As atividades não se restringem aos dois prédios dos mercados, mas os feirantes se instalam também nas ruas adjacentes. Dentro e fora, são várias as feiras: existem os setores de carnes, peixes, queijos e requeijões, frutas e verduras, num outro setor estão pequenos restaurantes, adiante produtos de couro, tecidos, como redes, e a feira de panelas e cerâmica popular. Existem também os armazéns, lojas de fazenda, de quinquilharias como pulseiras, argolas, broches, anéis etc.

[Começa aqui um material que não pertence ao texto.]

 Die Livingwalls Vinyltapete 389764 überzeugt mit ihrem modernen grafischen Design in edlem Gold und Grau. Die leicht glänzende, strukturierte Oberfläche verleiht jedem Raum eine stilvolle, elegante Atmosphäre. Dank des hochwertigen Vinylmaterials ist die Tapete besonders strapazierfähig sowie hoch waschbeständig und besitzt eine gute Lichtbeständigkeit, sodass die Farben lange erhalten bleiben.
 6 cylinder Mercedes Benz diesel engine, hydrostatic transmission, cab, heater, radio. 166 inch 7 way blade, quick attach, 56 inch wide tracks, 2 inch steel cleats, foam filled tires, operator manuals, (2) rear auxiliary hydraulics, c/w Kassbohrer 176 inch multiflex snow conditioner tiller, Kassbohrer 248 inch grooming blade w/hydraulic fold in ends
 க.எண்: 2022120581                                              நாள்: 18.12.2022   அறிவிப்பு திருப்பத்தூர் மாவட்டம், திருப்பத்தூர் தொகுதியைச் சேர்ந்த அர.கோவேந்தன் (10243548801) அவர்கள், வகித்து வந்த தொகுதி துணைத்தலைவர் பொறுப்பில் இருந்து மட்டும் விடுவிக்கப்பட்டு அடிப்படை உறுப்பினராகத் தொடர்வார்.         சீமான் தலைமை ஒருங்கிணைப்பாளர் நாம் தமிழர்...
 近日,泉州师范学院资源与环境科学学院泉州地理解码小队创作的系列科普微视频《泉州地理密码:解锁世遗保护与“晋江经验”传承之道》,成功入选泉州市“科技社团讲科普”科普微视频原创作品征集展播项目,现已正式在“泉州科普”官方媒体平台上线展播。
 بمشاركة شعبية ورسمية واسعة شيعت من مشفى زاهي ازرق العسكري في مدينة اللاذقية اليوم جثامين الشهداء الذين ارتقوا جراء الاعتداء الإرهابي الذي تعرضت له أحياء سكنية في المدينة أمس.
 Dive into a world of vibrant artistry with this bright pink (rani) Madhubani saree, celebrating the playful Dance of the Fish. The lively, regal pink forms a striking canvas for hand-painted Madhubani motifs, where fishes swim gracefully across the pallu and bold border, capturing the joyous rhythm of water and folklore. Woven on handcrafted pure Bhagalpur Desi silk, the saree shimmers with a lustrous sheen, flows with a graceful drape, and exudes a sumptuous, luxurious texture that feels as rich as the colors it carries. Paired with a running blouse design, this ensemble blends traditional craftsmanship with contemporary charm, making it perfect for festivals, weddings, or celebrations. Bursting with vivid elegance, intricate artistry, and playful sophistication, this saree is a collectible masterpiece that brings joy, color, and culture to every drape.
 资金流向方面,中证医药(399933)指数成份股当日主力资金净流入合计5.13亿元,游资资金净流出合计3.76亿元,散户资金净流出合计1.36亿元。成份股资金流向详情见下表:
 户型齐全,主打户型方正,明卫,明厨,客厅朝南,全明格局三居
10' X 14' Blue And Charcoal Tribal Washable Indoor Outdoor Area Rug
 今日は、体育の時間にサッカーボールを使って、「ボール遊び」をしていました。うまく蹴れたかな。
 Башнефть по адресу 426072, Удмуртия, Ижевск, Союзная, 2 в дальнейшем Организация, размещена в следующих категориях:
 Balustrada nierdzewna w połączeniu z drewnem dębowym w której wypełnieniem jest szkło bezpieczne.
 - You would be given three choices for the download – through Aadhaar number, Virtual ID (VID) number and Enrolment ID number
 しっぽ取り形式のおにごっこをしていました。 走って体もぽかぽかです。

“Você verá as frutas da minha terra: os cajus, as graviolas, os melões, as mangabas, as melancias, as jaboticabas, as maçarandubas. Os caminhões de Lagarto e de Itabaiana trazem batatas e cebolas. Os praieiros trarão siris, peixes, aratus, camarões e caranguejos. (...) caminharemos pelas ruas do Mercado Modelo, ruas estreitas, formadas pelas pilhas e pelos sacos de cereais, ruas barulhentas e coloridas, ruas que evocam uma visão de cinema ou uma página de romance do médio oriente” (Cabral, op. cit., p. 90).

Nestas descrições ficam evidentes a condição de centralidade dos mercados e a intensa sociabilidade que eles abrigam. Qualquer mercado é sempre um lugar de encontro para diferentes tipos de pessoas, espaço para troca de idéias e informações. As trocas são especialmente sociais, não apenas comerciais:

“O barulho das conversas, dos pregões, do chiar dos fogareiros dos restaurantes, as cantigas dos cegos que pedem esmola, a voz de Marcelino Bitencourt recitando versos populares, os ajustes de preço, a reclamação da carestia e do cambio negro, as risadas, as pilhérias, os namoros, a exclamação de conhecidos que se encontram (...), artistas populares de Santo Amaro, de Riachuelo, de Itabaianinha, artistas que são os autênticos intérpretes da sensibilidade coletiva” (Cabral, op. cit., p. 90).